# [PROBLEM DESCRIPTION]
Word for word, copy the entire listing below, but do not carry over any pictures.

# [INFORMATION PROVIDED]

——

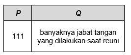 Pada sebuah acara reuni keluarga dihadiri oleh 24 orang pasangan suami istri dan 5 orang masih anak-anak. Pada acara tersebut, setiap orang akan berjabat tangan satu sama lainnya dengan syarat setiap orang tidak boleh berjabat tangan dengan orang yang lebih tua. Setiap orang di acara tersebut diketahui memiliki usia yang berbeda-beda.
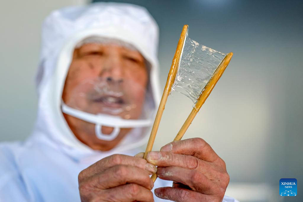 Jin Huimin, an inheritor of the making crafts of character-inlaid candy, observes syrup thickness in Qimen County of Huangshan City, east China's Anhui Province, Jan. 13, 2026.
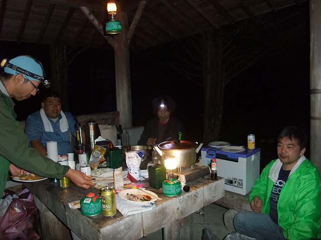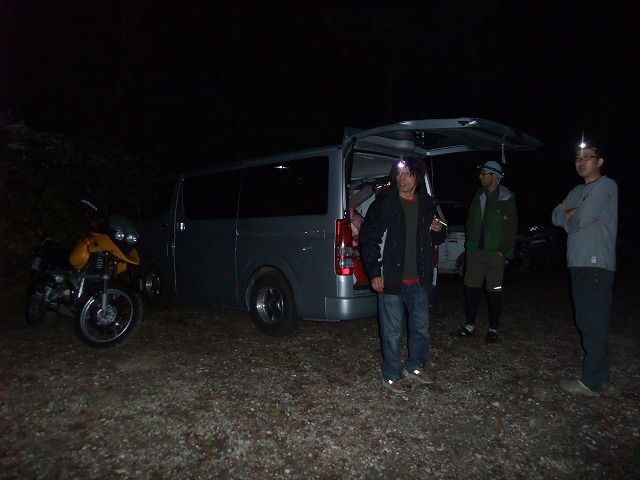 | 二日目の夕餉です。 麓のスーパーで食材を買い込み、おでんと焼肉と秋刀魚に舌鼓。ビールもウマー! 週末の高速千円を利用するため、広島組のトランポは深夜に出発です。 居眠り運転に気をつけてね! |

——

# [PROBLEM SOLUTION]
 Pada sebuah acara reuni keluarga dihadiri oleh 24 orang pasangan suami istri dan 5 orang masih anak-anak. Pada acara tersebut, setiap orang akan berjabat tangan satu sama lainnya dengan syarat setiap orang tidak boleh berjabat tangan dengan orang yang lebih tua. Setiap orang di acara tersebut diketahui memiliki usia yang berbeda-beda.
 Jin Huimin, an inheritor of the making crafts of character-inlaid candy, observes syrup thickness in Qimen County of Huangshan City, east China's Anhui Province, Jan. 13, 2026.
 | 二日目の夕餉です。 麓のスーパーで食材を買い込み、おでんと焼肉と秋刀魚に舌鼓。ビールもウマー! 週末の高速千円を利用するため、広島組のトランポは深夜に出発です。 居眠り運転に気をつけてね! |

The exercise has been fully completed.